There are people who have to work at McDonalds or as a cashier at 7-11 their whole life. They can't do anything else. Do you think they like it, or hate it? If someone has a high school education and is not a Stanford graduate, that's what it is. Minimum wage job for so many. And no real hope of getting more.

So prattle on about having to love your job, otherwise you're not going to work at it and will fail...I've always seen this as the height of arrogance. Don't get me wrong, it's not bad if you love what you do. But if someone with all the advantages in the world (university degree, great parents, etc) is going to whine because they don't LOVE what they do, while the lowly peons have to suck it up and work two minimum wage jobs to make it...just total arrogance, and tone deaf by most of the startup community. The world is chock-o-block full of people that hate their jobs. But they go in, every day, to a job they hate, to support themselves and their family.

That's all I'm saying. And, this is not meant to be aimed at you personally, because there are SO many people that repeat this. It's aimed at the startup community's philosophy of you must love what you do or fail.

> It's about "loving what you do" unthinking mantra. Which I think the whole idea is a load of crap.

Which is not the mantra I was intending to evoke.

My only point is that starting a business is something that consumes your entire life. You will eat, drink, and live the business 24/7 for a very long time -- if what you're doing isn't something that you inherently derive enjoyment from, it will make your life very unpleasant and reduce your ability to make it succeed.

This is very different from some sort of bland "do what you love" thing. This is recognizing the human truth of what starting a business entails.

>My only point is that starting a business is something that consumes your entire life.

John - this is for sure not true. I've known a lot of business owners that work a straight 9-5 and have done VERY well. Not Facebook, but $300,000-$400,000 per year, that's top 1% earners.

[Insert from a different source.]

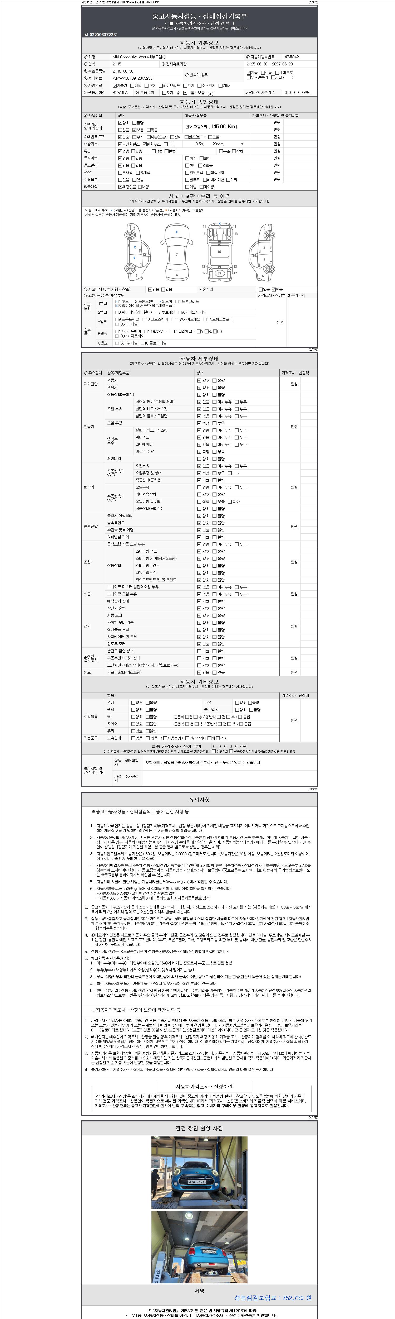2. 차량 등록증이나 성능점검지 등을 상담자에게 요청및 확인하시고 사전에 미리 점검 하시기를 권유드립니다.

I know a LOT of business owners that come in one day per week to check on how their team is doing.

This whole "24/7 work" is just a load of nonsense. Do some? Sure. But we all have a choice, and I know as an actual fact so many people that are successful do not do that. For a fact. And, I know people in the exact same industry, don't pretty much the exact same thing, that work 18 hours per day. Usually the one working 8 hours per day is wealthier, because generally, the person who works 8 hours per day is organized and prioritized, and the person working 18 hours a day is unorganized, doesn't know what they are doing, can't prioritize, etc.

So, John, it is just not true. I urge you, if you are starting to run your own business, not to fall for that false god of working 8 days a week, 48 hours per day. I don't care what Elon Musk or anyone else says.

So again, if I were you, I would say to work 9-5 and then when you are done, leave the business at your office, come home and do other things. It's ok, really.

Starting a business does NOT entail what you think it entails. Heck, even someone building a nuclear power plant, all the workers and CEO don't work 18 hours per day.

>This is very different from some sort of bland "do what you love" thing.

I don't think so. Do what you love is at the root of all of the whole work 18 hours a day thing.

>This is recognizing the human truth of what starting a business entails.

I know what starting a business entails. I've started many. A lot of what people say is just simply not true. I've read the same exact things as you have, about how one has to work 24/7 and live and breath it every day. No. I know this is not the case, I've seen it personally. Reality is what you make it. If you say reality is working 18 hours a day, that's what you're going to do. If you say it is 8 hours a day, that is what it will be. And both can succeed, have succeeded. I've seen it, in person.